Lloyd J A, Lee R F, Lingrel J B
Department of Molecular Genetics, University of Cincinnati, College of Medicine, OH 45267/0524.
Nucleic Acids Res. 1989 Jun 12;17(11):4339-52. doi: 10.1093/nar/17.11.4339.
Two regions upstream of the human fetal (A gamma) globin gene, which interact with protein factors from K562 and HeLa nuclear extracts, have functional significance in gene expression. One binding site (site I) is at a position -290 to -267 bp upstream of the transcription initiation site, the other (site II) is at -182 to -168 bp. Site II includes the octamer sequence (ATGCAAAT) found in an immunoglobulin enhancer and the histone H2b gene promoter. A point mutation (T----C) at -175, within the octamer sequence, is characteristic of a naturally occurring HPFH (hereditary persistence of fetal hemoglobin), and decreases factor binding to an oligonucleotide containing the octamer motif. Expression assays using a A gamma globin promoter-CAT (chloramphenicol acetyl transferase) fusion gene show that the point mutation at -175 increases expression in erythroid, but not non-erythroid cells when compared to a wild-type construct. This correlates with the actual effect of the HPFH mutation in humans. This higher expression may result from a mechanism more complex than reduced binding of a negative regulator. A site I clustered-base substitution gives gamma-CAT activity well below wild-type, suggesting that this factor is a positive regulator.

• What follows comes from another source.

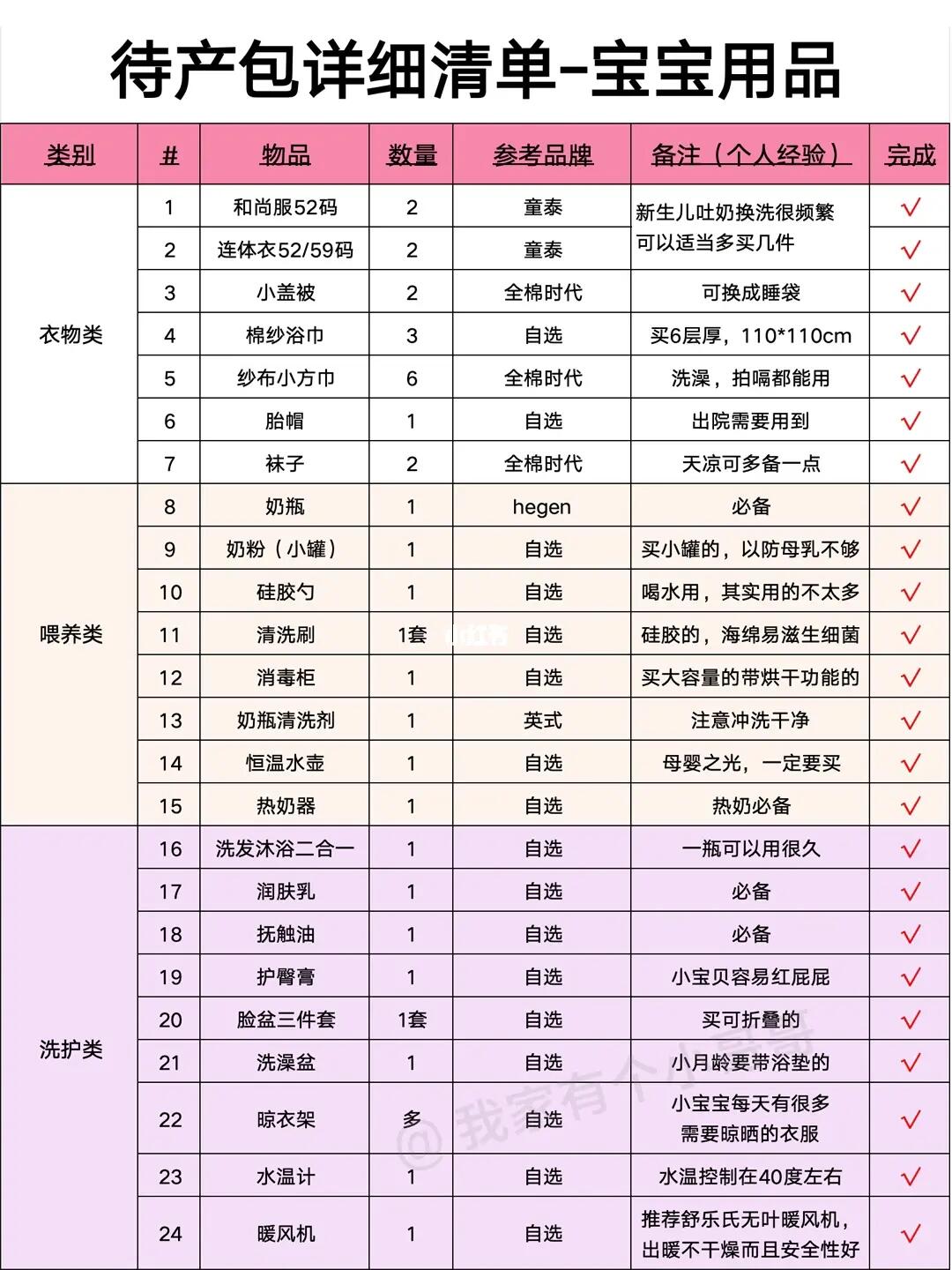 两次产后复盘总结,想想其实待产包很多东西是没有必要的,整理了超精简实用的待产包分享给没生的姐妹! ▶️待产包分为:产房包和住院包,产房包其实就是从住院包里拿出一些生产当日产房所需的物品,不用买两份哦! ▶️大件类物品遇上大促的时候就可以提前准备好了,价格会相差的比较多,可以省不少钱💰 ▶️洗护用品不要买多,买小瓶一点的就可以了,一来宝宝用量少,二来不合适方便买新的不浪费。 ▶️秋冬衣物干的慢可以适当多买一点,宝宝突发情况像吐奶,尿出等会换的比较勤。

人类胎儿(γ珠蛋白)基因上游的两个区域与来自K562和HeLa细胞核提取物的蛋白质因子相互作用,在基因表达中具有功能意义。一个结合位点(位点I)位于转录起始位点上游-290至-267bp处,另一个(位点II)位于-182至-168bp处。位点II包含在免疫球蛋白增强子和组蛋白H2b基因启动子中发现的八聚体序列(ATGCAAAT)。八聚体序列内-175处的点突变(T→C)是天然存在的HPFH(胎儿血红蛋白遗传性持续存在)的特征,并且减少了因子与含有八聚体基序的寡核苷酸的结合。使用γ珠蛋白启动子-CAT(氯霉素乙酰转移酶)融合基因的表达分析表明,与野生型构建体相比,-175处的点突变在红系细胞而非非红系细胞中增加了表达。这与HPFH突变在人类中的实际效应相关。这种更高的表达可能源于一种比负调节因子结合减少更复杂的机制。位点I的簇状碱基替换使γ-CAT活性远低于野生型,表明该因子是一种正调节因子。